The title of this post is a partial rip-off of Dynamic Code Encryption as an Anti Dump and Anti Reverse Engineering measure blogpost. Alexey describes a technique similar to the one I used in my crackme, which isn’t altogether that new. His post is a good introduction to some possible attack vectors and what is at stake. You should give it a look.

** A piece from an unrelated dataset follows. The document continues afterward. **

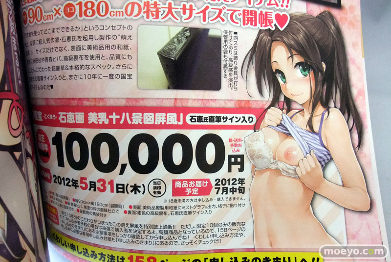「電撃萌王」10周年記念の増刊「電撃おとなの萌王 Vol.01」が発売。表紙を開けるといきなり乳首で、そのほかも乳首丸出しおっぱい・ぱんつ・おしり等のイラストがいっぱい。石恵氏描く10名限定、10万円の「萌え屏風」受注も。

The crackme uses a multi-layer dynamic code encryption approach, with two different encryption algorithms (Rabbit and Salsa). The objective was to avoid an easy memory dump of all the code and also as anti-debugging. I decided not to obfuscate the algorithms, except removing some obvious web-searchable stuff, because that wasn’t the crackme objective. Also one of the algorithms was right away exposed – necessary to do the first stage decryption. The “trustable” XOR could have been used for adding another stage of obfuscation, but still not the point.

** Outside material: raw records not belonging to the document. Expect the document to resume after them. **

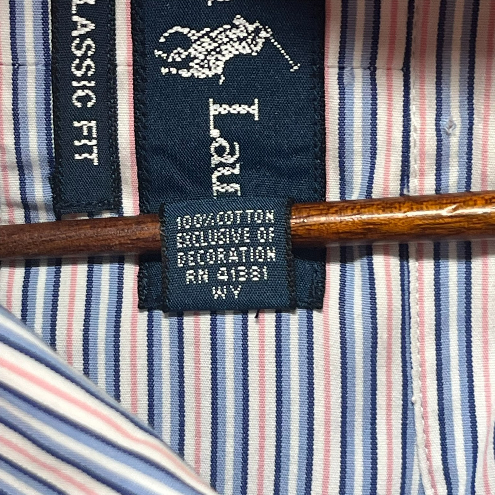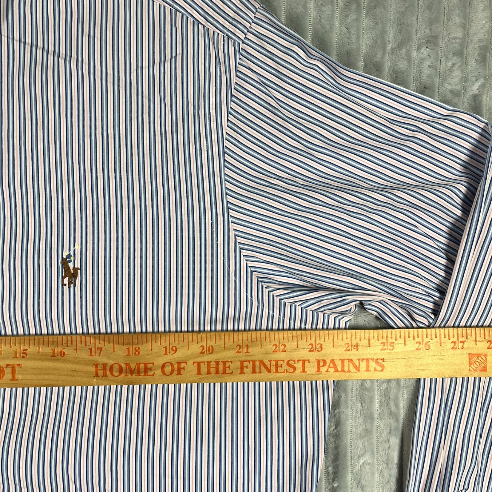 как выглядит Ralph Lauren Classic Fit Button Down Shirt Mens 16 34/35 Blue Pink Striped Prep фото
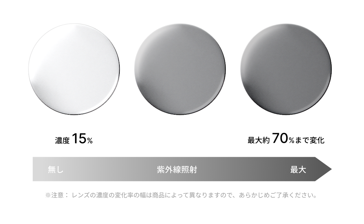 ※2:レンズカラーによっては、レンズの濃度の変化率や、見え方は異なります。
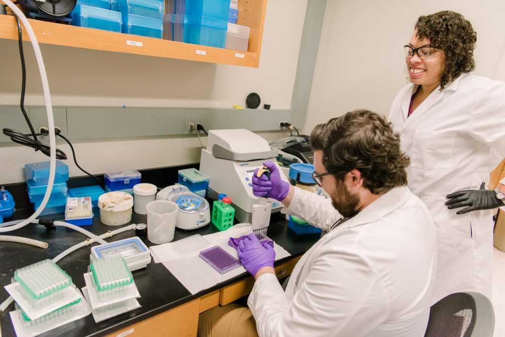 Ph.D. student Tyler Brown and his (and Stellwagen’s) advisor Mercedes Burns, assistant professor of biological sciences, conduct genetic testing on harvestmen DNA. Harvestmen (often called “daddy-long-legs”) are close relatives of spiders.
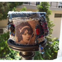 Μέγεθος Υλικά :ανακυκλωμένο Τζην , δαντέλες, μεταλλικά στοιχεία με πέτρες,vintage υφασματοποιημένη φωτογραφία,κουμπί vintage ,υφασμάτινη χάνδρα. Μοναδικό Χειροποίητο!!

While I was thinking in a way to store the decryption information and searching around, I came up with this interesting post at Root Labs blog. It is a cute idea to help against breakpoints and patching and it fit nicely into what I had in mind. In this case, the encryption/decryption key is composed by the SHA256 checksum of the function to be protected, to which is added a 128 bit salt value, and then generated the final SHA256, which is the key. The salt values are stored into the four hardware registers. Just a very simple and fast way to try to deter hardware breakpoints. All this work is done by an external binary, the protector, against the compiled but still not crypted crackme.

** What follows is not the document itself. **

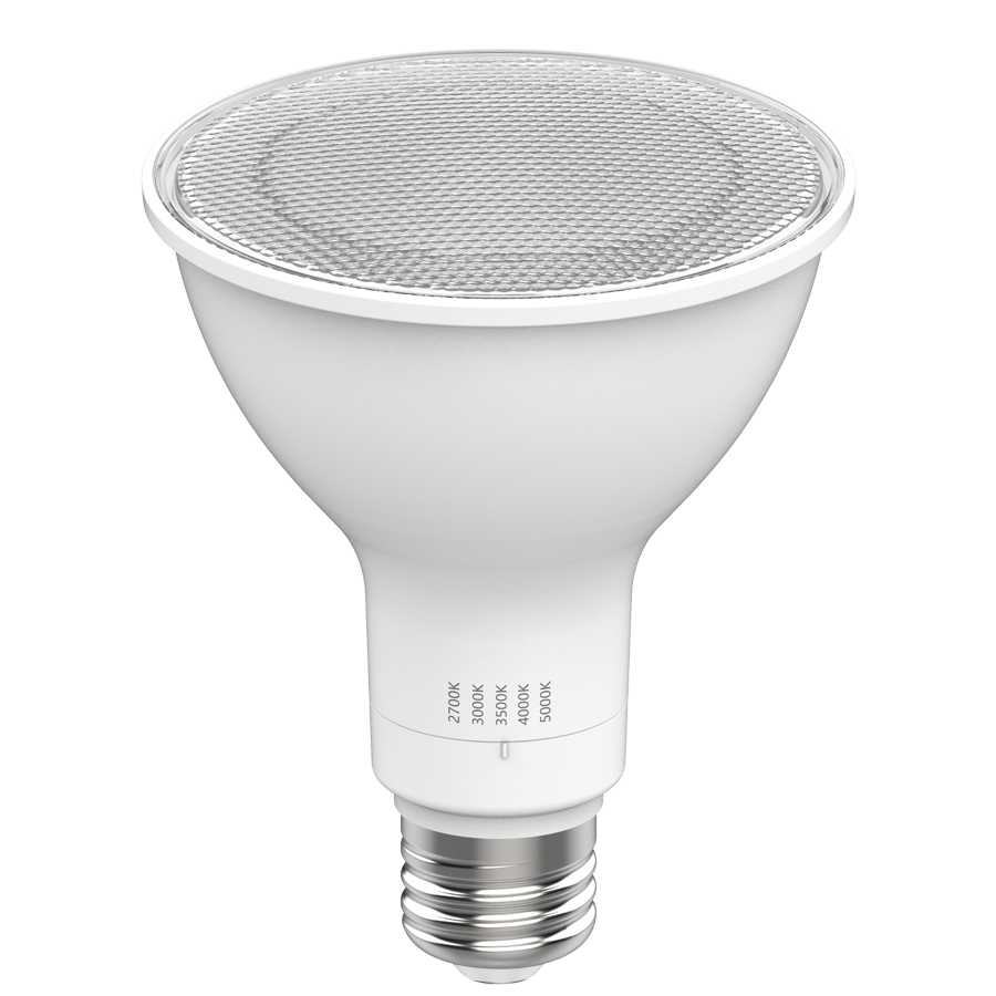 Replacements for HID commercial PAR lamps. Dimmable CCT-adjustable lamps that are wet rated and great for use outdoors.

The last piece of the puzzle is the storage of the decryption information, where to decrypt and its size. Alexey suggests some markers at the start and end of the function. My solution was to store that information inside the function that will decrypt the next stage into a fake piece of code that would desync IDA disassembly (a very basic fake jump), together with a marker to find it. This could be located anywhere in the function and found by a simple loop inserted into every function. The system function mach_vm_protect() is used to make the code section writable and then back to the original protection, and it’s simply obfuscated using a function pointer and XORed strings.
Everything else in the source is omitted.